* WHAT THE TASK REQUIRES: Using the data below, return word for word every line from the one holding "- 현재까지 누적된 입지분석" down to the one holding "献立は、厚揚げの五目炒め煮、". Leave pictures out.

(Beginning of RECORDED INFORMATION)

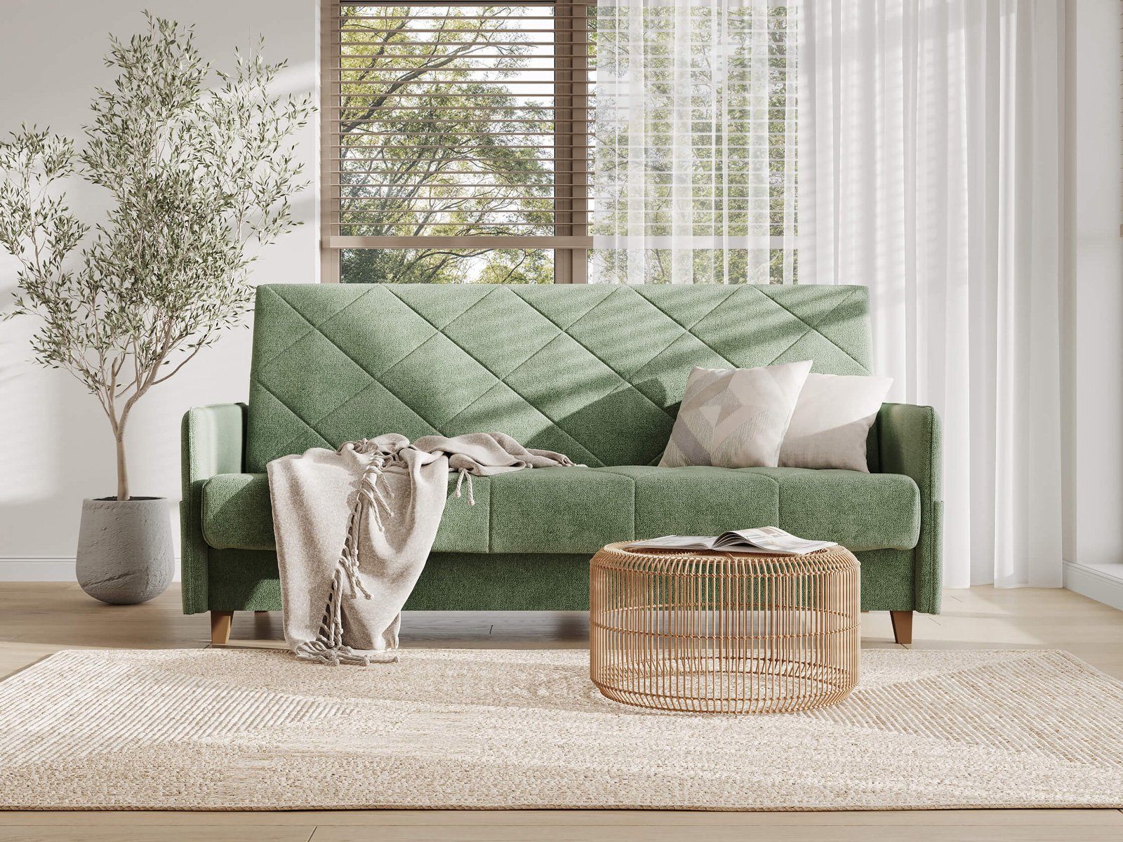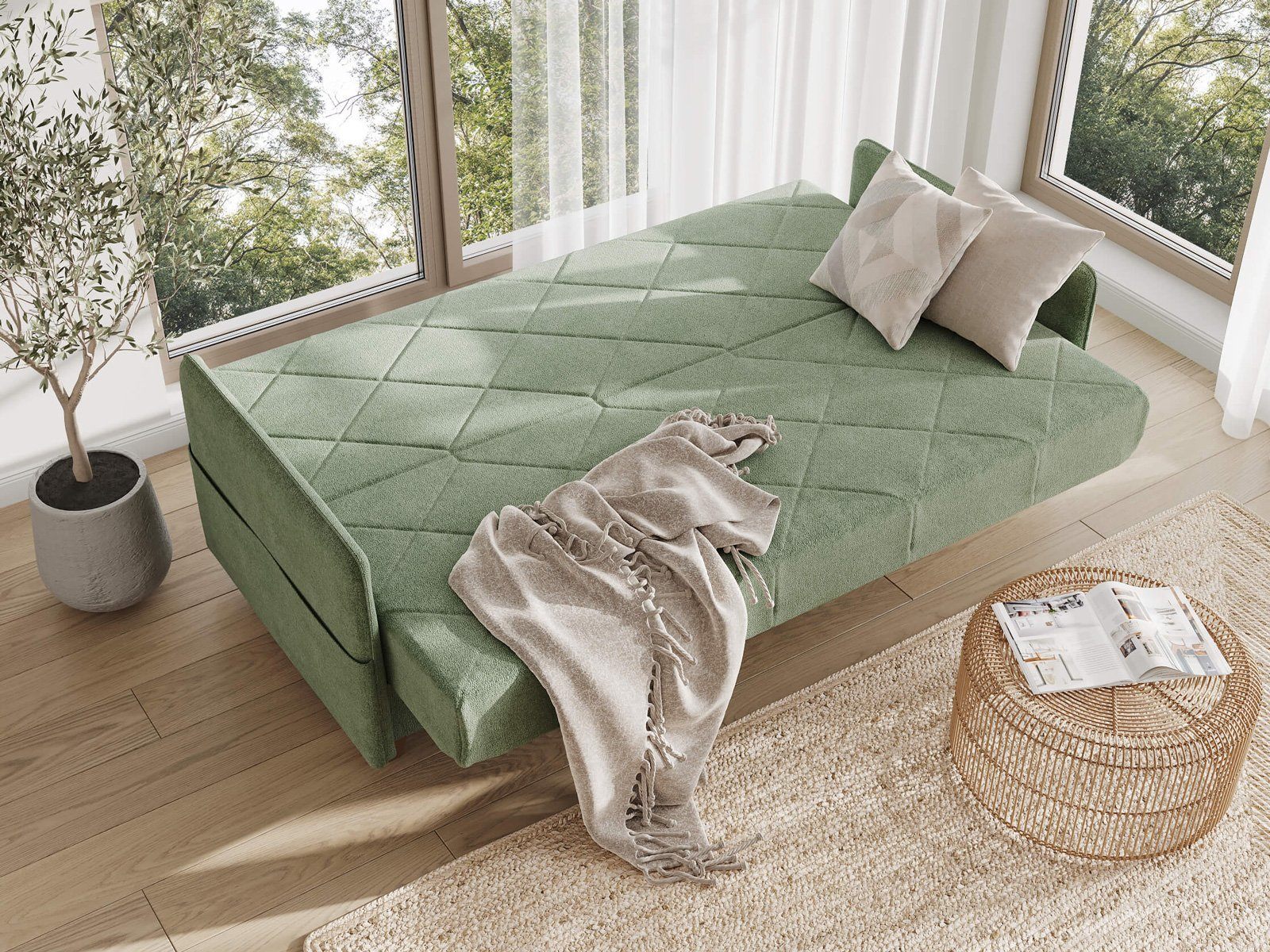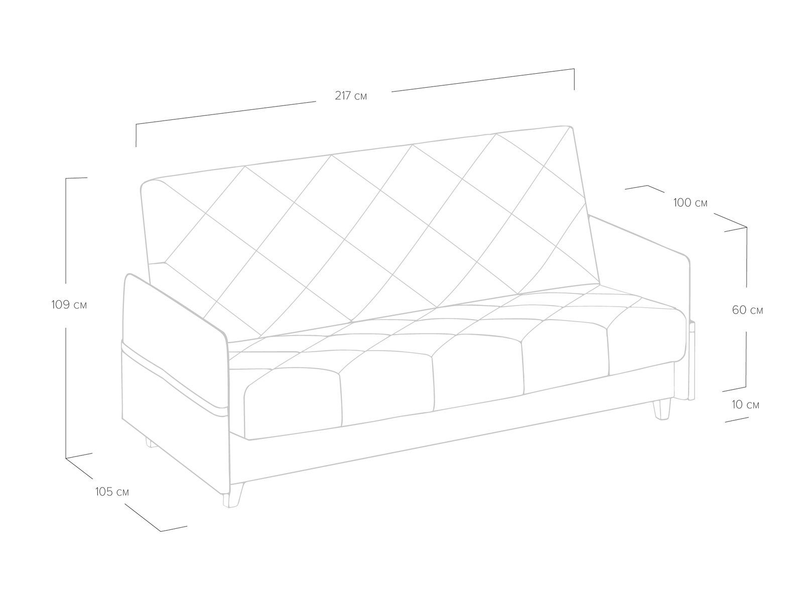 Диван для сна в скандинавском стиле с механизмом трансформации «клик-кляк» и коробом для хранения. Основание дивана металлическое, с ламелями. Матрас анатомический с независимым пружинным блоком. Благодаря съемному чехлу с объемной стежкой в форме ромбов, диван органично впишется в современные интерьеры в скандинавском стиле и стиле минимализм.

(End of RECORDED INFORMATION)
(Beginning of RECORDED INFORMATION)

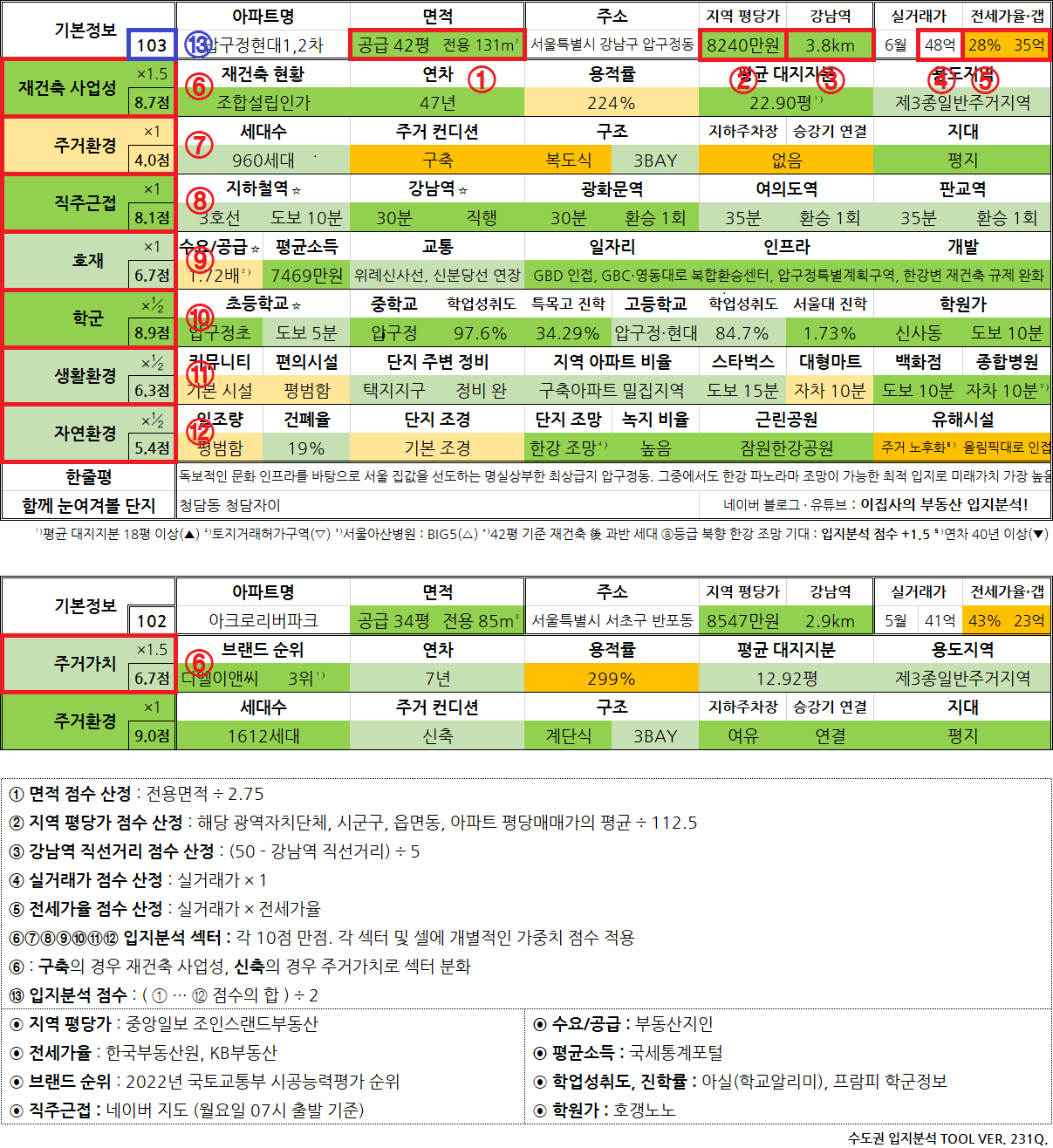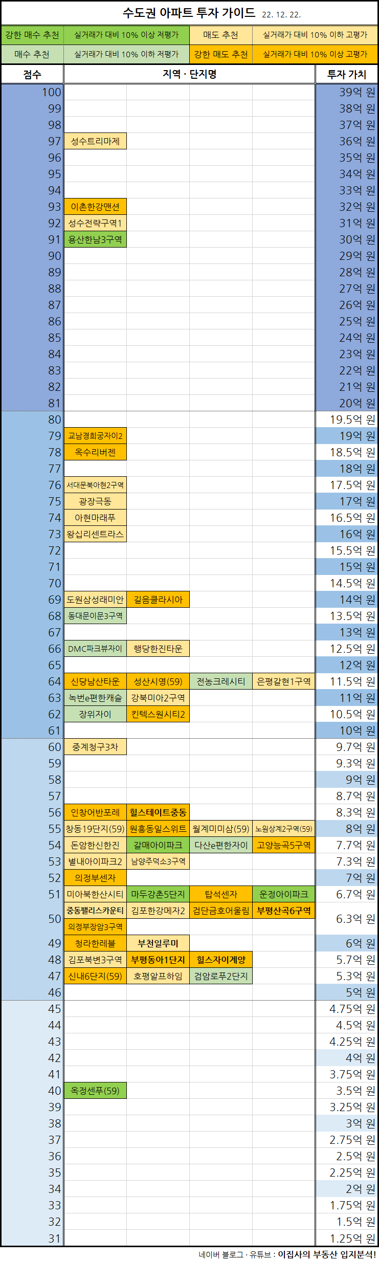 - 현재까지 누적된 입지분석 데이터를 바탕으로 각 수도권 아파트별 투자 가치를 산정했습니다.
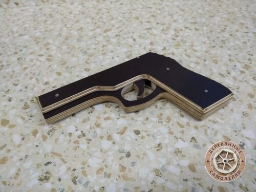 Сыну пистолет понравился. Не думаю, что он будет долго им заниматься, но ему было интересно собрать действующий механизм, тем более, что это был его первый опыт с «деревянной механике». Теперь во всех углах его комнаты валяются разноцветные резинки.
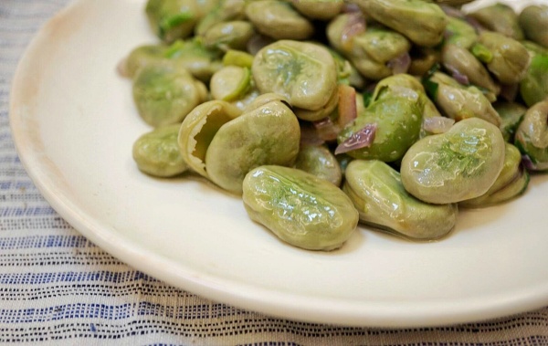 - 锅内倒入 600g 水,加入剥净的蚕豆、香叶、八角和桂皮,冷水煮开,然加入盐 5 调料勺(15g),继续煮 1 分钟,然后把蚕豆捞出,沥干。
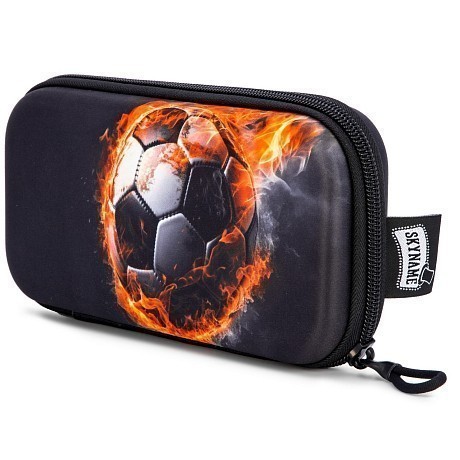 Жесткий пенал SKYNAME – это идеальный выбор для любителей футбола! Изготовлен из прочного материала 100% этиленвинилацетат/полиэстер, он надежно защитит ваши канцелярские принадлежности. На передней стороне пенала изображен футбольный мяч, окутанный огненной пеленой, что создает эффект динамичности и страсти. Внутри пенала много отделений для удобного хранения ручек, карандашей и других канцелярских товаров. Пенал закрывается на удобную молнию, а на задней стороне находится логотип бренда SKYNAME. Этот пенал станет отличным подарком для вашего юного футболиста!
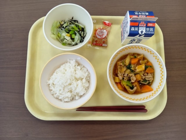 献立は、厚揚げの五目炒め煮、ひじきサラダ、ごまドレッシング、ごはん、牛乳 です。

(End of RECORDED INFORMATION)

* EXERCISE RESPONSE:
 - 현재까지 누적된 입지분석 데이터를 바탕으로 각 수도권 아파트별 투자 가치를 산정했습니다.
 Сыну пистолет понравился. Не думаю, что он будет долго им заниматься, но ему было интересно собрать действующий механизм, тем более, что это был его первый опыт с «деревянной механике». Теперь во всех углах его комнаты валяются разноцветные резинки.
 - 锅内倒入 600g 水,加入剥净的蚕豆、香叶、八角和桂皮,冷水煮开,然加入盐 5 调料勺(15g),继续煮 1 分钟,然后把蚕豆捞出,沥干。
 Жесткий пенал SKYNAME – это идеальный выбор для любителей футбола! Изготовлен из прочного материала 100% этиленвинилацетат/полиэстер, он надежно защитит ваши канцелярские принадлежности. На передней стороне пенала изображен футбольный мяч, окутанный огненной пеленой, что создает эффект динамичности и страсти. Внутри пенала много отделений для удобного хранения ручек, карандашей и других канцелярских товаров. Пенал закрывается на удобную молнию, а на задней стороне находится логотип бренда SKYNAME. Этот пенал станет отличным подарком для вашего юного футболиста!
 献立は、厚揚げの五目炒め煮、ひじきサラダ、ごまドレッシング、ごはん、牛乳 です。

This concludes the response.